BMC Immunol. 2002 Jun 12;3:5. doi: 10.1186/1471-2172-3-5.
In asthma and other allergic disorders, the activation of mast cells by IgE and antigen induces the cells to release histamine and other mediators of inflammation, as well as to produce certain cytokines and chemokines. To search for new mast cell products, we used complementary DNA microarrays to analyze gene expression in human umbilical cord blood-derived mast cells stimulated via the high-affinity IgE receptor (Fc(epsilon)RI).

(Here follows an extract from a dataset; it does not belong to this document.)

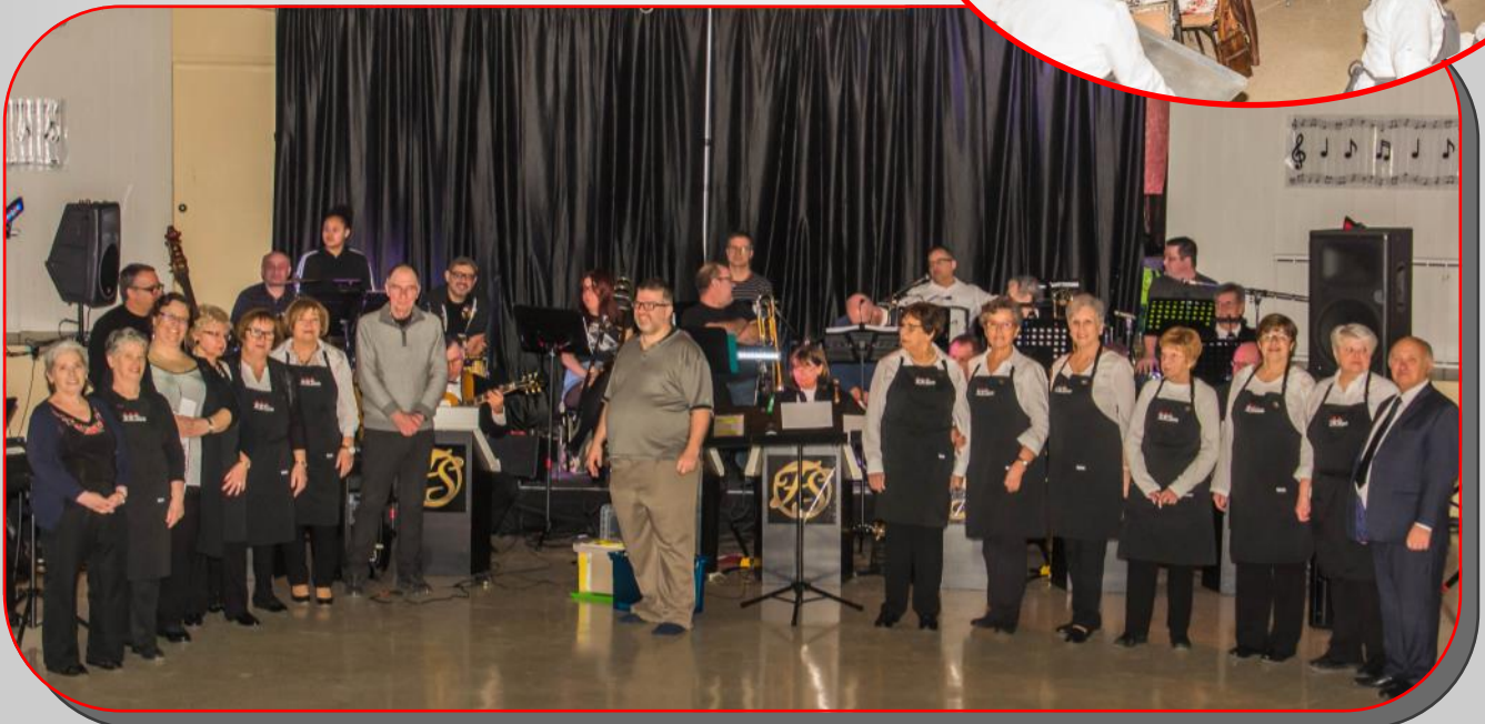
Soirée Vintage Big Band

One to two hours after Fc(epsilon)RI-dependent stimulation, more than 2,400 genes (about half of which are of unknown function) exhibited 2-200 fold changes in expression. The transcriptional program included changes in the expression of IL-11 and at least 30 other cytokines and chemokines. Human mast cells secreted 130-529 pg of IL-11/106 cells by 6 h after stimulation with anti-IgE.

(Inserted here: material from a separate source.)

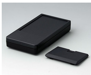
A9072229 DATEC-POCKET-BOX L PMMA (IR) (UL 94 HB) noir RAL 9005 120x65x22mm IP 41
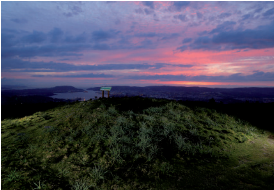
Foto 6.- Mámoa do Coto do Rei (Fene), situada nun lugar privilexiado sobre a ría de Ferrol.

Á vista destes datos, pódese dicir que a pesares da proximidade entre as zonas, hai unha diferenza salientable nas medidas dos túmulos sendo máis pequenos os localizados nas partes máis elevadas (entre as cotas 325 a 421 m; Monte Marraxón – Pena Louseiras) onde dos 24 túmulos localizados, tan só dous pasan de 18 m nalgún dos seus eixos, mentres que os máis grandes son os das zonas máis baixas (entre as cotas 66 a 85 m; concellos de Mugar dos e Ares), onde todos eles presentan unhas medidas entre os 19 a 28 m nalgún dos seus eixos.

Our initial analysis of the transcriptional program induced in in vitro-derived human mast cells stimulated via the Fc(epsilon)RI has identified many products that heretofore have not been associated with this cell type, but which may significantly influence mast cell function in IgE-associated host responses. We also have demonstrated that mast cells stimulated via the Fc(epsilon)RI can secrete IL-11. Based on the previously reported biological effects of IL-11, our results suggest that production of IL-11 may represent one link between IgE-dependent mast cell activation in subjects with allergic asthma and the development of a spectrum of structural changes in the airways of these individuals; such changes, collectively termed "airway remodeling," can constitute an important long term consequence of asthma.

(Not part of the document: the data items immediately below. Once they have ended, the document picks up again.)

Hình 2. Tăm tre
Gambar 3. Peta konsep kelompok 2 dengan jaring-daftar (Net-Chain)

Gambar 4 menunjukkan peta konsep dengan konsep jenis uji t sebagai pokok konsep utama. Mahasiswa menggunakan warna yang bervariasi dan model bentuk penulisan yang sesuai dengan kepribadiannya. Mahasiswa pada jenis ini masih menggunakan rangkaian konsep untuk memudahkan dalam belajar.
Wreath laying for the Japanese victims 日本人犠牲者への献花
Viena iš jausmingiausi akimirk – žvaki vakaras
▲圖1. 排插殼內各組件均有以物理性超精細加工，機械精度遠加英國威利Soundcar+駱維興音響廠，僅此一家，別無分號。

在哮喘和其他过敏性疾病中,免疫球蛋白E(IgE)和抗原激活肥大细胞,诱导细胞释放组胺和其他炎症介质,以及产生某些细胞因子和趋化因子。为了寻找新的肥大细胞产物,我们使用互补DNA微阵列分析通过高亲和力IgE受体(Fc(ε)RI)刺激的人脐带血来源肥大细胞中的基因表达。
Fc(ε)RI依赖性刺激后1至2小时,超过2400个基因(其中约一半功能未知)的表达出现2至200倍的变化。转录程序包括白细胞介素11(IL-11)以及至少30种其他细胞因子和趋化因子表达的变化。用抗IgE刺激6小时后,人肥大细胞分泌130 - 529 pg的IL-11/10^6细胞。
我们对通过Fc(ε)RI刺激的体外培养人肥大细胞中诱导的转录程序的初步分析,已鉴定出许多迄今与该细胞类型无关,但可能在IgE相关宿主反应中显著影响肥大细胞功能的产物。我们还证明,通过Fc(ε)RI刺激的肥大细胞可以分泌IL-11。基于先前报道的IL-11的生物学效应,我们的结果表明,IL-11的产生可能代表过敏性哮喘患者中IgE依赖性肥大细胞激活与这些个体气道一系列结构变化发展之间的一个联系;这种变化统称为“气道重塑”,可构成哮喘的一个重要长期后果。